Nicolas Kerdiles (born January 11, 1994) is an American former professional ice hockey forward. He played briefly in the National Hockey League (NHL) with the Anaheim Ducks. Kerdiles was selected by the Ducks in the second round (36th overall) of the 2012 NHL Entry Draft.

Playing career
Kerdiles moved to Irvine, California at the age of six where he learned and trained to play hockey. As a youth, he played in the 2007 Quebec International Pee-Wee Hockey Tournament with a minor ice hockey team from Los Angeles. He attended the University of Wisconsin–Madison where he played two seasons of NCAA Division I hockey with the Wisconsin Badgers. During his freshman season he led the Badgers to capture the Broadmoor Trophy as the WCHA playoff champion, and was recognized for his outstanding performance when he was voted the most valuable player of the 2013 WCHA Men's Ice Hockey Tournament.

On Apr 5, 2014, Kerdiles relinquished his final two seasons of NCAA eligibility to sign a three-year entry-level contract with the Anaheim Ducks of the National Hockey League. He made his professional debut with the Ducks American Hockey League affiliate, the Norfolk Admirals during the 2014 Calder Cup playoffs.

On February 22, 2017, Kerdiles became the first player raised in Orange County to play for the Anaheim Ducks in his NHL debut against the Boston Bruins.

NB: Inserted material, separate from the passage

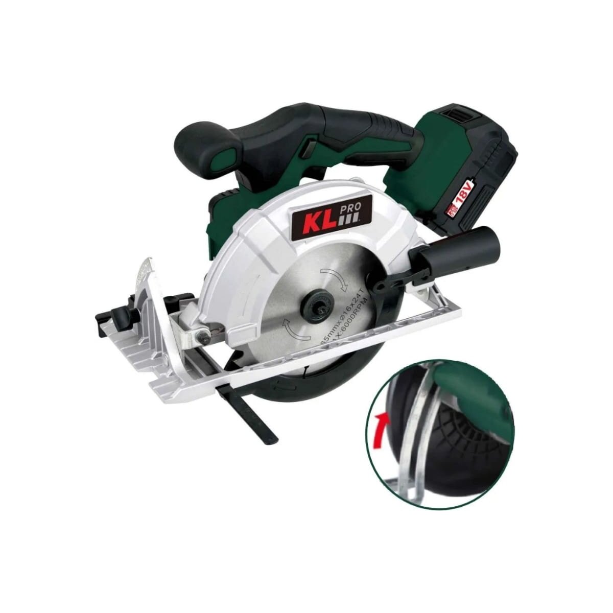 Профессиональная циркулярная пила KLDAT18B-50 с бесщеточным двигателем. Индикатор батареи показывает состояние заряда АКБ. Аккумуляторы большой емкости обеспечивают очень длительное время работы при очень компактном размере.

The club re-signed him to a one-year, two-way extension worth $650,000 on June 17, 2017.

As an impending restricted free agent, Kerdiles was traded by the Ducks to the Winnipeg Jets in exchange for Chase De Leo on June 30, 2018. He was later signed to a one-year, two-way contract with the Jets on August 21, 2018.

Personal life
Kerdiles was born in Lewisville, Texas to a French father and a French-Canadian mother. His first language was French, and he has two older sisters, both born in France. Shortly after his birth, his family moved to France before settling in Irvine, California when he was six years old.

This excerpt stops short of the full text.